▶ [Exercise goal]
The entries that follow should be reproduced exactly, with no images carried over.

====== Provided data ======

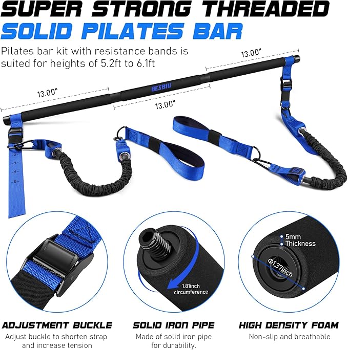 - ADVANCED THREADED PILATES BAR: Composed of 3 sections Φ1.37-inch solid steel rods, with 5mm Soft Nitrile Rubber pad (wear-resistant, sweat-absorbent, non-slip), and can perform stable and safe exercises even if sweat during exercise. Squat bar ends are equipped with adjustable straps with a heavy metal buckle cam that allows you to quickly and easily adjust the length required for various exercises and individual heights. This strong screwed solid squat bar can withstand 600lbs of resistance
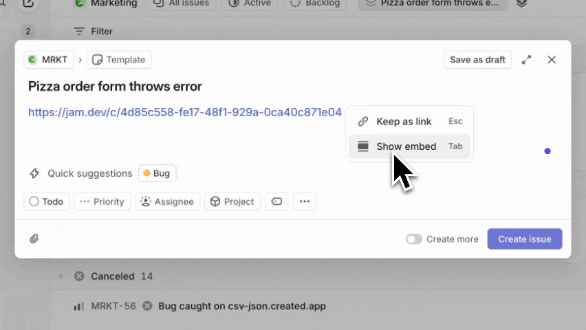 Paste a Jam link in a Linear ticket or comment, and engineers can see the embedded video with network and console errors right there.
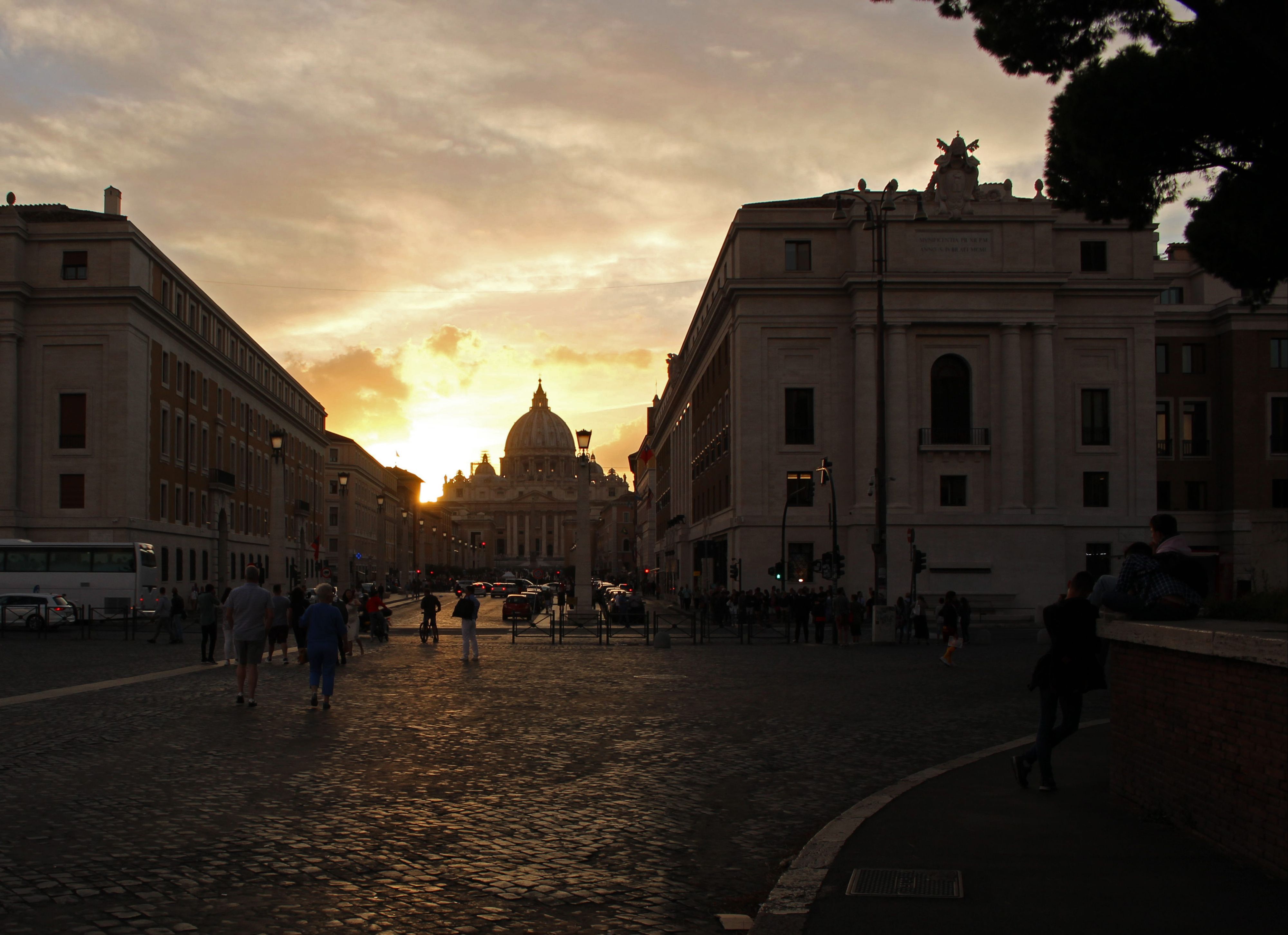 Zum Pflichtprogramm eines jeden Rom-Besuchs gehört natürlich der Vatikan. Die Prachtstraße Via della Conziliazione führt von der Engelsburg zentrisch auf den Petersplatz zu. Der ovale Platz mit den umlaufenden Kollonaden wurde von Bernini im 17. Jahrhundert erbaut. Die Mitte markiert ein unbeschrifteter ägyptischer Obelisk. Obwohl der Platz eigentlich nicht so groß ist wie wir ihn uns vorgestellt haben, bildet er einen würdigen Rahmen für den Petersdom an seinem westlichen Ende.
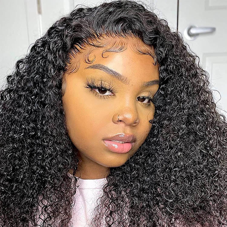 Megalook 13x4 Lace Frontal Jerry Curly Wig Invisible Knots Natural Black Natural Hairline
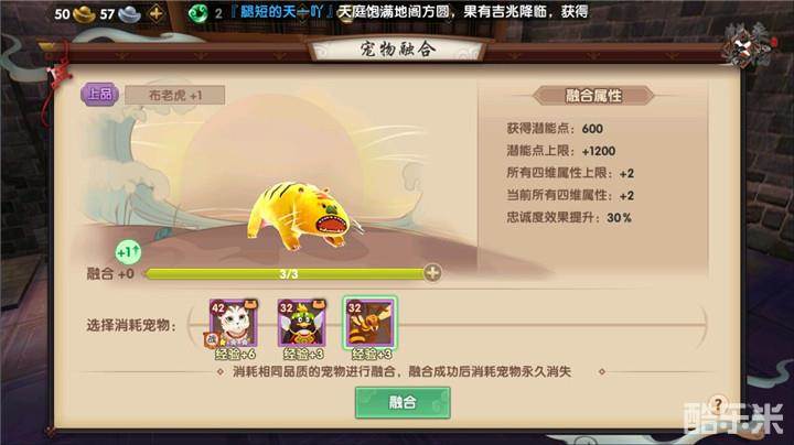 侍宠融合是侍宠的独特玩法,可以将品级相同的两只宠物进行融合,然后为侍宠提升融合经验,融合等级提升后回提升侍宠各方面的属性,融合等级最高能够提升至三级,每升一级则可以提升各项属性,有潜能点、潜能点上限、所有四维属性上限、当前所有四维属性以及忠诚度效果提升。侍宠的品级越高,则奖励的融合属性越高,就好比中品融合只能获得一点四维属性,而上品融合则可以获得两点四维属性。

======

▶ [Answer section]
 - ADVANCED THREADED PILATES BAR: Composed of 3 sections Φ1.37-inch solid steel rods, with 5mm Soft Nitrile Rubber pad (wear-resistant, sweat-absorbent, non-slip), and can perform stable and safe exercises even if sweat during exercise. Squat bar ends are equipped with adjustable straps with a heavy metal buckle cam that allows you to quickly and easily adjust the length required for various exercises and individual heights. This strong screwed solid squat bar can withstand 600lbs of resistance
 Paste a Jam link in a Linear ticket or comment, and engineers can see the embedded video with network and console errors right there.
 Zum Pflichtprogramm eines jeden Rom-Besuchs gehört natürlich der Vatikan. Die Prachtstraße Via della Conziliazione führt von der Engelsburg zentrisch auf den Petersplatz zu. Der ovale Platz mit den umlaufenden Kollonaden wurde von Bernini im 17. Jahrhundert erbaut. Die Mitte markiert ein unbeschrifteter ägyptischer Obelisk. Obwohl der Platz eigentlich nicht so groß ist wie wir ihn uns vorgestellt haben, bildet er einen würdigen Rahmen für den Petersdom an seinem westlichen Ende.
 Megalook 13x4 Lace Frontal Jerry Curly Wig Invisible Knots Natural Black Natural Hairline
 侍宠融合是侍宠的独特玩法,可以将品级相同的两只宠物进行融合,然后为侍宠提升融合经验,融合等级提升后回提升侍宠各方面的属性,融合等级最高能够提升至三级,每升一级则可以提升各项属性,有潜能点、潜能点上限、所有四维属性上限、当前所有四维属性以及忠诚度效果提升。侍宠的品级越高,则奖励的融合属性越高,就好比中品融合只能获得一点四维属性,而上品融合则可以获得两点四维属性。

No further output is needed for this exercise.